Overall status: Not yet recruiting

Study design:

Allocation: Randomized

Intervention model: Parallel Assignment

Primary purpose: Prevention

Masking: Quadruple (Participant, Care Provider, Investigator, Outcomes Assessor)

Intervention:

Intervention type: Other
Intervention name: Fullerene cream
Description: Patients are instructed to apply a thin layer of the Fullerene cream third a day, starting three days before radiotherapy(RT) and continue until two weeks after treatment. The application should include the whole treatment area. Patients are also advised to not apply the cream within four hours before the RT in order to avoid possible build-up effect.

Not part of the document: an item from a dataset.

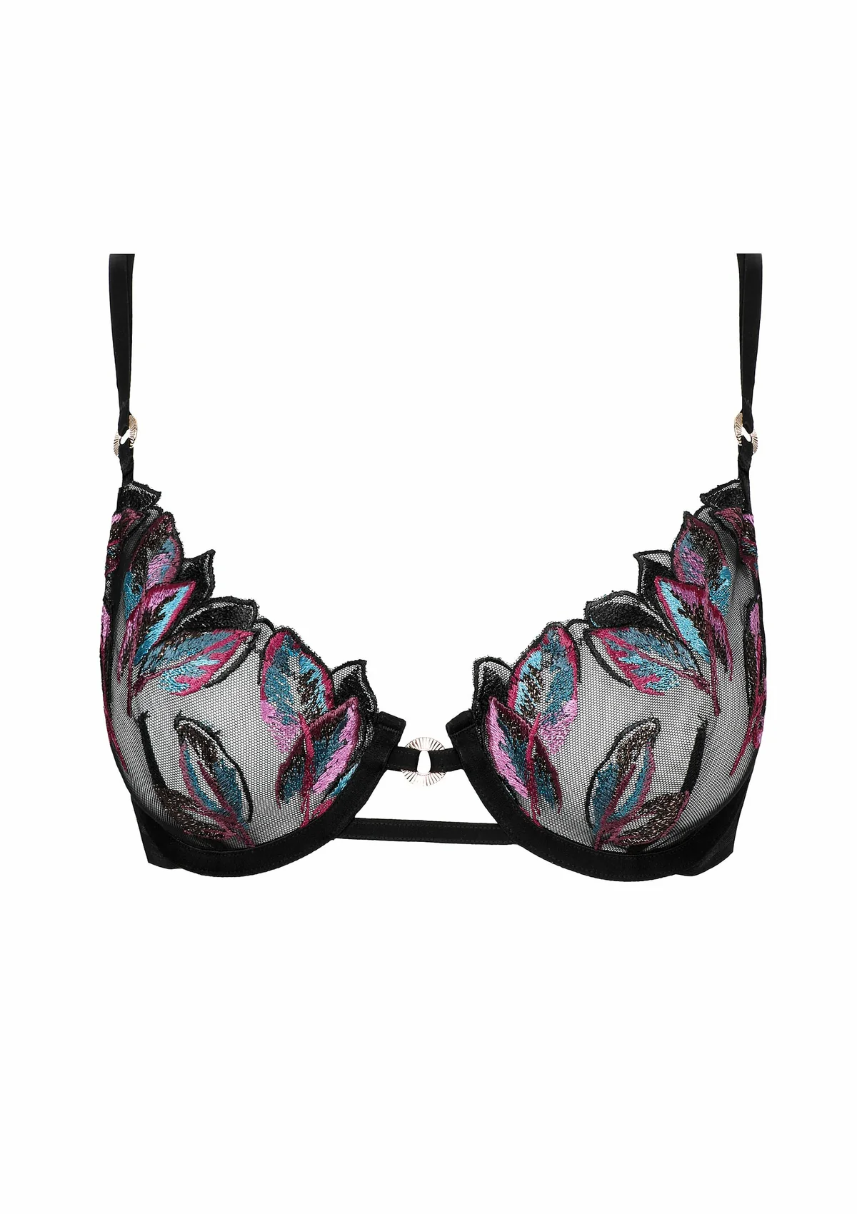 The Oiseau de Paradis Half Cup Bra is elegant, feminine and sophisticated. The combination of embroidered cups, jeweled details and the openwork centerpiece makes this a timeless and luxurious lingerie piece.

Patients are asked to keep the skin of the radiotherapy area dry and clean and not use other topical agents in the irradiated area.
Arm group label: Fullerene cream

Intervention type: Drug
Intervention name: Trolamine (Biafine)
Description: Patients are instructed to apply a thin layer of the Trolamine (Biafine) third a day, starting three days before radiotherapy(RT) and continue until two weeks after treatment. The application should include the whole treatment area. Patients are also advised to not apply the cream within four hours before the RT in order to avoid possible build-up effect. Patients are asked to keep the skin of the radiotherapy area dry and clean and not use other topical agents in the irradiated area.
Arm group label: Trolamine (Biafine)

Summary: Radiotherapy always results in many complications such as radiation dermatitis, dry mouth, cranial nerve damage, and swallowing function. Among them, radiation dermatitis is confirmed to occur in the majority of tumor patients receiving radiotherapy, which not only affects the appearance but also causes the interruption of radiotherapy in severe cases. At present, there is no standard treatment for radiation dermatitis. Trolamine is commonly prescribed at the beginning of radiotherapy for preventing acute radiation-induced skin toxicity in China. Fullerene cream is able to remove free radicals produced during radiotherapy, which may provide a new way and method for the prevention and treatment of radiation dermatitis. In addition, the product has obtained a safety assessment report from a third-party testing organization, proving that it has fully met the applied human body standards. This clinical trial studies the effect of Fullerene cream in preventing radiation dermatitis in Head and Neck Cancer, compared with trolamine.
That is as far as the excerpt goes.